▶ Information provided:

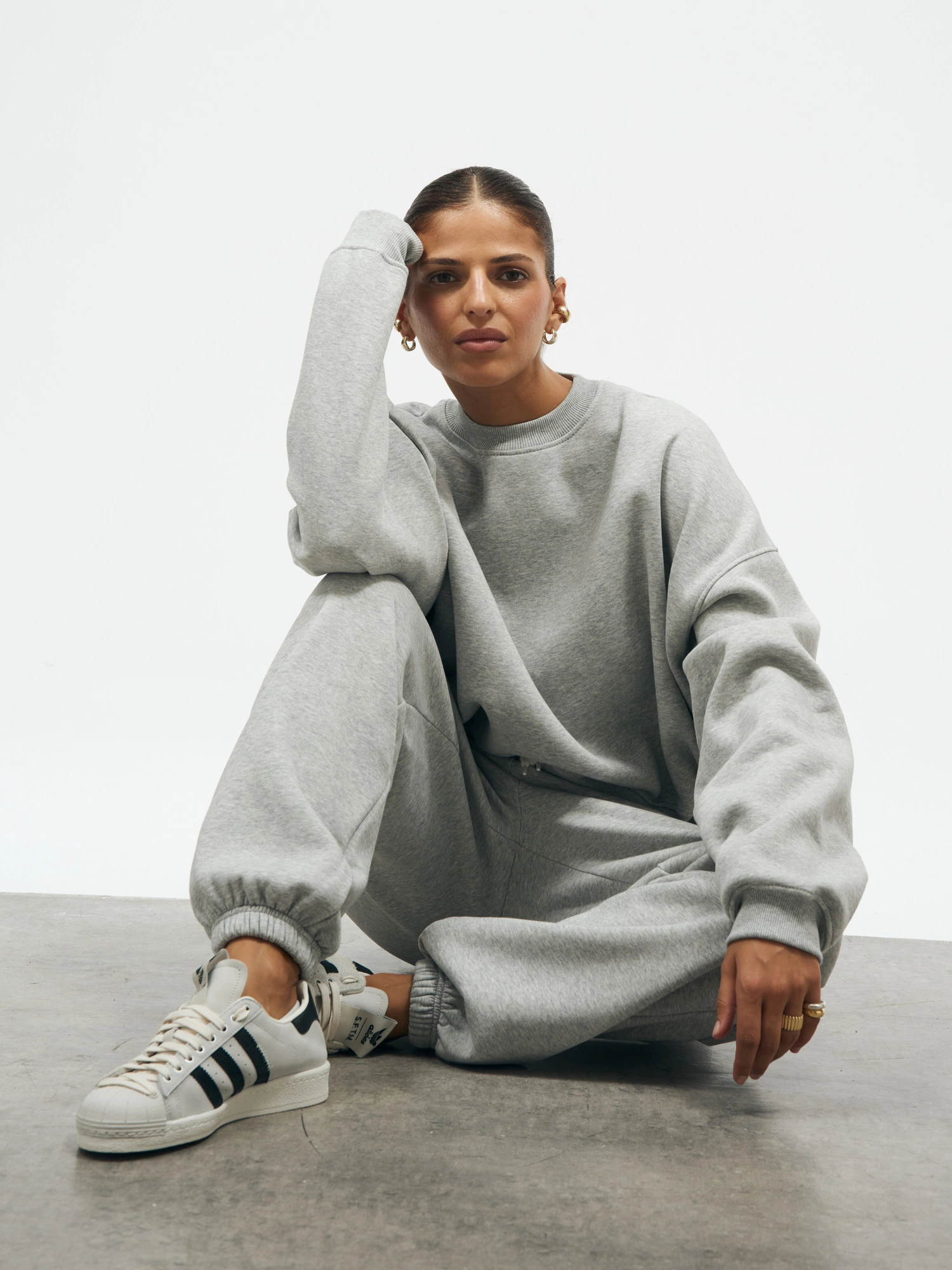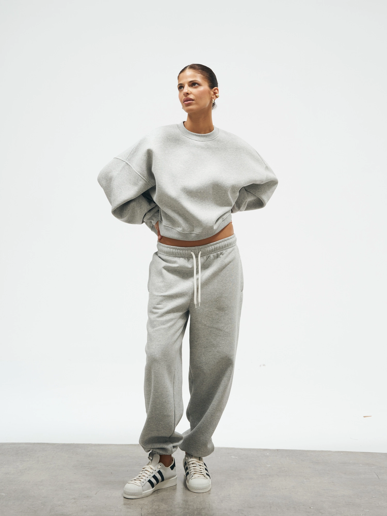 Short, oversized sweatshirt with a wide ribbing at the bottom. The sleeves have been characteristically widened to ensure full wearing comfort. This is a sweatshirt that will fit not only the dedicated JOGGERS, but will also create a great set with elegant pants or jeans. Made of the highest quality organic cotton with linen.
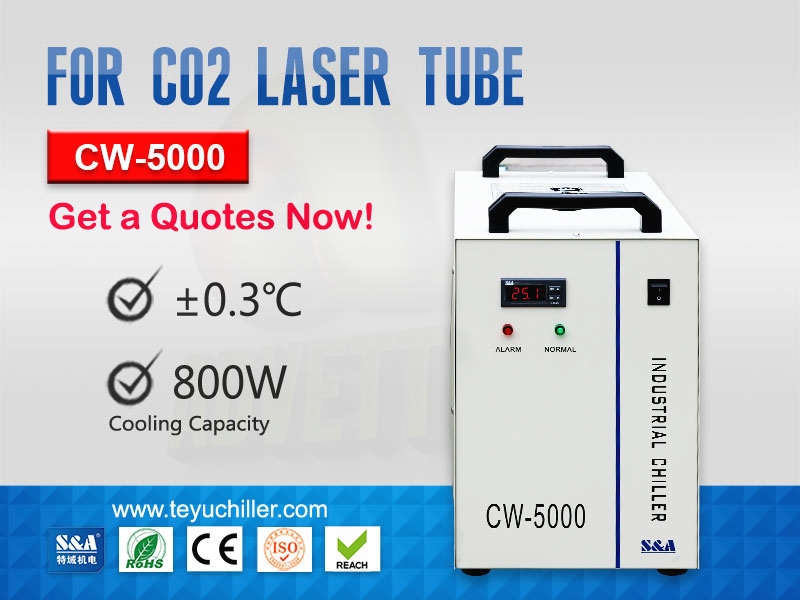 Portable water chiller CW-5000 is widely applied in cooling different kinds of CO2 laser machines, including CO2 laser cutting machines, CO2 laser engraving machine and so on. It is produced by Guangzhou Teyu Electromechanical Co., Ltd (also known as S&A), a professional China-based chiller unit manufacturer with 16-year experience.
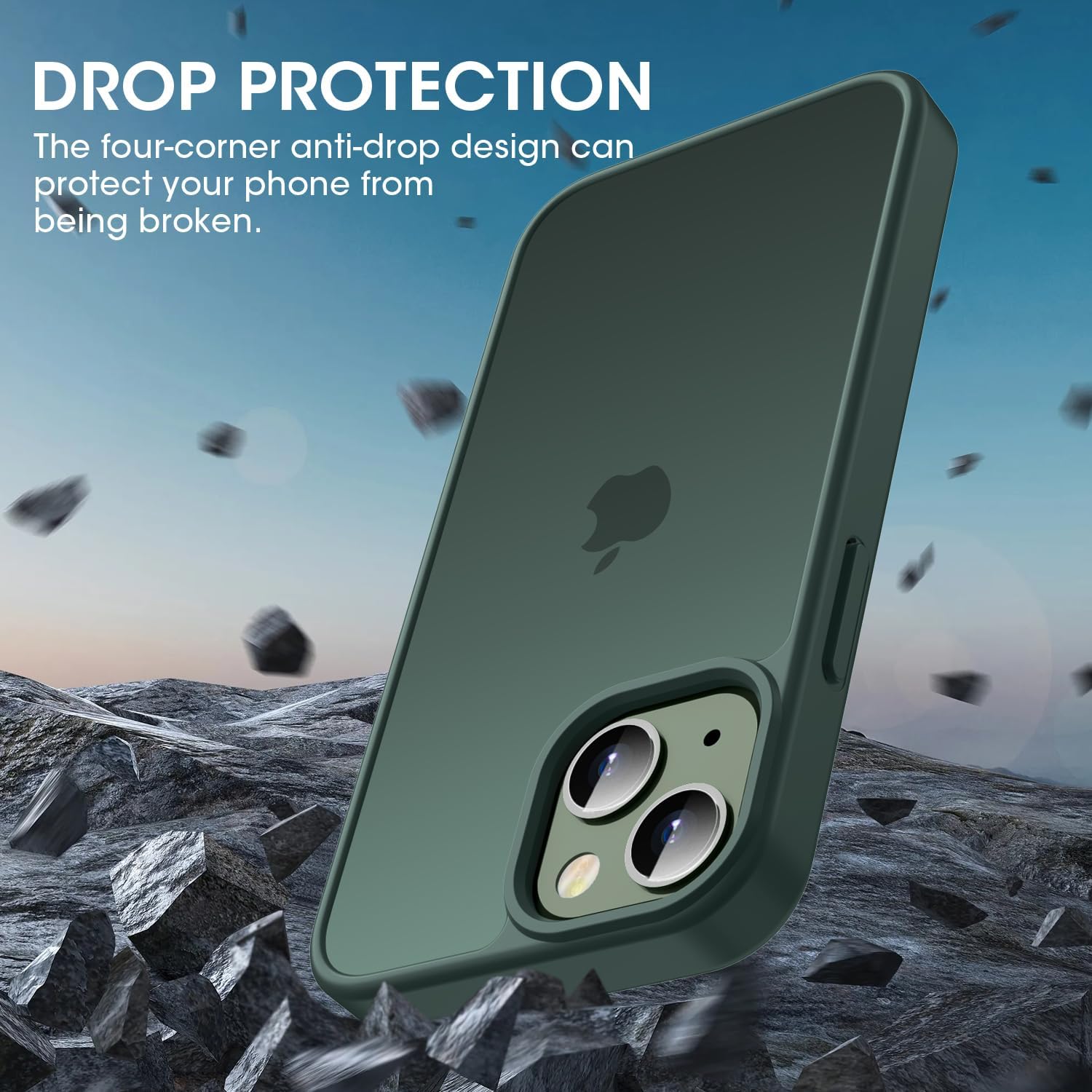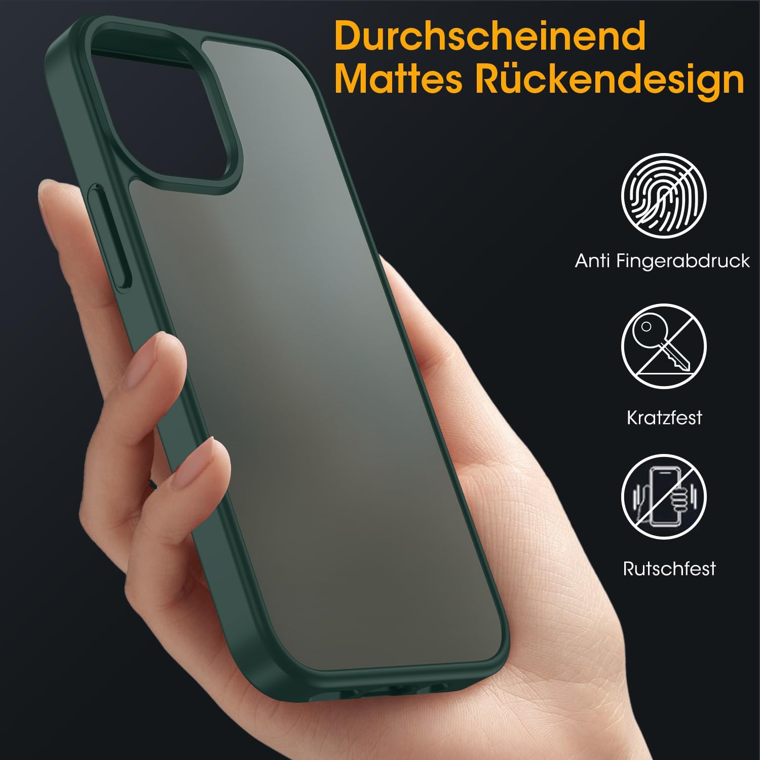 Матов калъф HGH за iPhone 13 Mini 5.4 инча [Военна защита] Защитен калъф Velvet Touch Matt против надраскване, прозрачен защитен калъф за гръб, против пръстови отпечатъци (зелен)
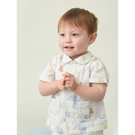 夏の楽しいお泊まり会にも映える、サッカー素材を使用したパジャマパーティーシリーズです。車のオモチャやお菓子など、パジャマパーティにちなんだ絵柄をにぎやかに散りばめた総柄プリントのBABYシャツ。爽やかなブルーのパイピングと、左右のポケットがおしゃれな1枚です。裾の内側には、お腹が捲れないように同柄のロングパンツを留められるボタンも付けました。左ポケットにワンポイントでロゴ刺繍入りです。同シリーズのロングパンツや巾着バッグと合わせて、夏の旅行やお泊まり会にもおすすめ。KIDSサイズときょうだいでコーディネートもお楽しみいただけます。
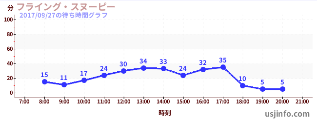 • フライング・スヌーピー$B$N(B2017年09月27日の待ち時間
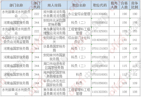 截止19日8時,招錄比例的職位為鄭州黃河河務局中牟黃河河務局辦公室綜合管理一職,招錄1人,截止19日8時通過人數(shù)為190人。
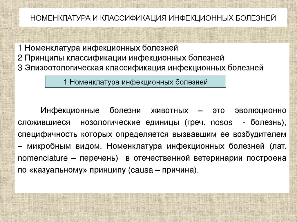 1. НОМЕНКЛАТУРА И КЛАССИФИКАЦИЯ ИНФЕКЦИОННЫХ БОЛЕЗНЕЙ
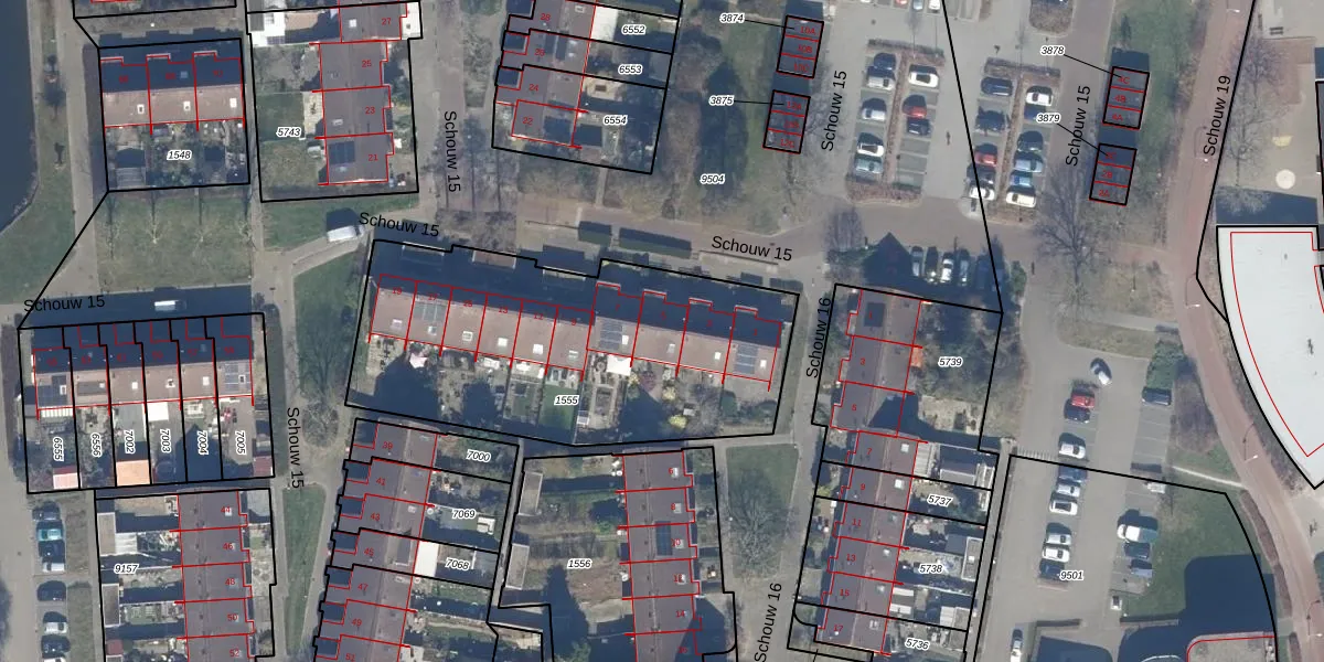 Het perceel waarop Schouw 15 5 staat heeft een oppervlakte van 1658 m². Dit is een zeer groot perceel. De perceeloppervlakte wordt geregistreerd door het Kadaster. Gedetailleerde informatie over de maten van dit perceel kunt u vinden in het rapport Kadastrale kaart met maatvoering van Schouw 15 5.
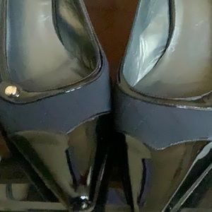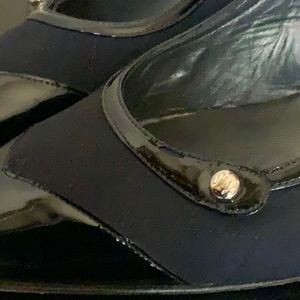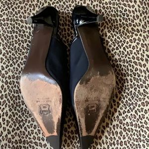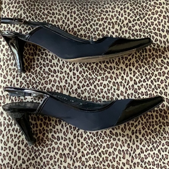 Oh Joy! This is a beautiful navy sling with a patent leather toe, strap heel and trim. They are timeless! Look closely for the slight quilting pattern. Great respectable heel for work, church or any other event. As pictured, there is no scuffing. Excellent condition.
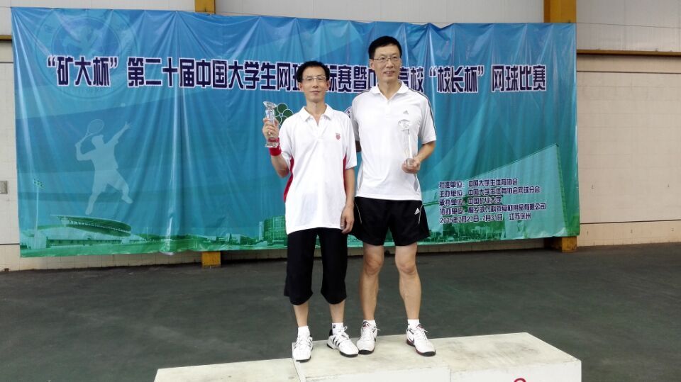 【本网讯】日前,从徐州中国矿业大学传来佳讯,在刚刚收拍的第二十届全国大学生网球锦标赛暨全国高校“校长杯”网球比赛上,我校党委书记赖廷谦与成都职业技术学院院长贺继明再度联手,登上了本届赛事校长丙组的最高领奖台。
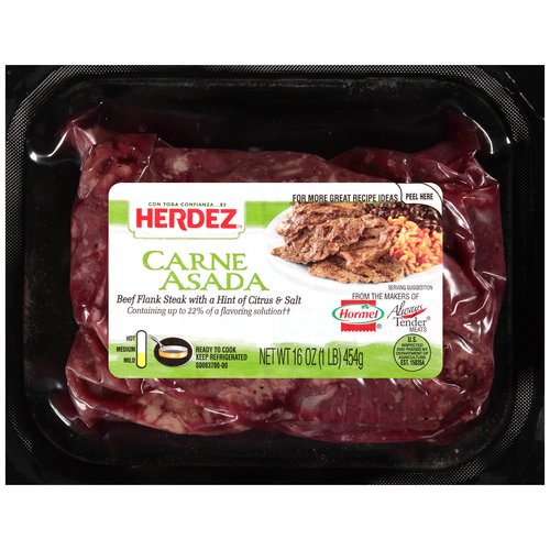 - The manufacturer of Carne Asada Beef Flank Steak with a Hint of Citrus & Salt, Carne Asada is Herdez.

▶ Activity:
Copy every entry word for word, but omit the pictures.

▶ Exercise response:
 Short, oversized sweatshirt with a wide ribbing at the bottom. The sleeves have been characteristically widened to ensure full wearing comfort. This is a sweatshirt that will fit not only the dedicated JOGGERS, but will also create a great set with elegant pants or jeans. Made of the highest quality organic cotton with linen.
 Portable water chiller CW-5000 is widely applied in cooling different kinds of CO2 laser machines, including CO2 laser cutting machines, CO2 laser engraving machine and so on. It is produced by Guangzhou Teyu Electromechanical Co., Ltd (also known as S&A), a professional China-based chiller unit manufacturer with 16-year experience.
 Матов калъф HGH за iPhone 13 Mini 5.4 инча [Военна защита] Защитен калъф Velvet Touch Matt против надраскване, прозрачен защитен калъф за гръб, против пръстови отпечатъци (зелен)
 夏の楽しいお泊まり会にも映える、サッカー素材を使用したパジャマパーティーシリーズです。車のオモチャやお菓子など、パジャマパーティにちなんだ絵柄をにぎやかに散りばめた総柄プリントのBABYシャツ。爽やかなブルーのパイピングと、左右のポケットがおしゃれな1枚です。裾の内側には、お腹が捲れないように同柄のロングパンツを留められるボタンも付けました。左ポケットにワンポイントでロゴ刺繍入りです。同シリーズのロングパンツや巾着バッグと合わせて、夏の旅行やお泊まり会にもおすすめ。KIDSサイズときょうだいでコーディネートもお楽しみいただけます。
 • フライング・スヌーピー$B$N(B2017年09月27日の待ち時間
 截止19日8時,招錄比例的職位為鄭州黃河河務局中牟黃河河務局辦公室綜合管理一職,招錄1人,截止19日8時通過人數(shù)為190人。
 1. НОМЕНКЛАТУРА И КЛАССИФИКАЦИЯ ИНФЕКЦИОННЫХ БОЛЕЗНЕЙ
 Het perceel waarop Schouw 15 5 staat heeft een oppervlakte van 1658 m². Dit is een zeer groot perceel. De perceeloppervlakte wordt geregistreerd door het Kadaster. Gedetailleerde informatie over de maten van dit perceel kunt u vinden in het rapport Kadastrale kaart met maatvoering van Schouw 15 5.
 Oh Joy! This is a beautiful navy sling with a patent leather toe, strap heel and trim. They are timeless! Look closely for the slight quilting pattern. Great respectable heel for work, church or any other event. As pictured, there is no scuffing. Excellent condition.
 【本网讯】日前,从徐州中国矿业大学传来佳讯,在刚刚收拍的第二十届全国大学生网球锦标赛暨全国高校“校长杯”网球比赛上,我校党委书记赖廷谦与成都职业技术学院院长贺继明再度联手,登上了本届赛事校长丙组的最高领奖台。
 - The manufacturer of Carne Asada Beef Flank Steak with a Hint of Citrus & Salt, Carne Asada is Herdez.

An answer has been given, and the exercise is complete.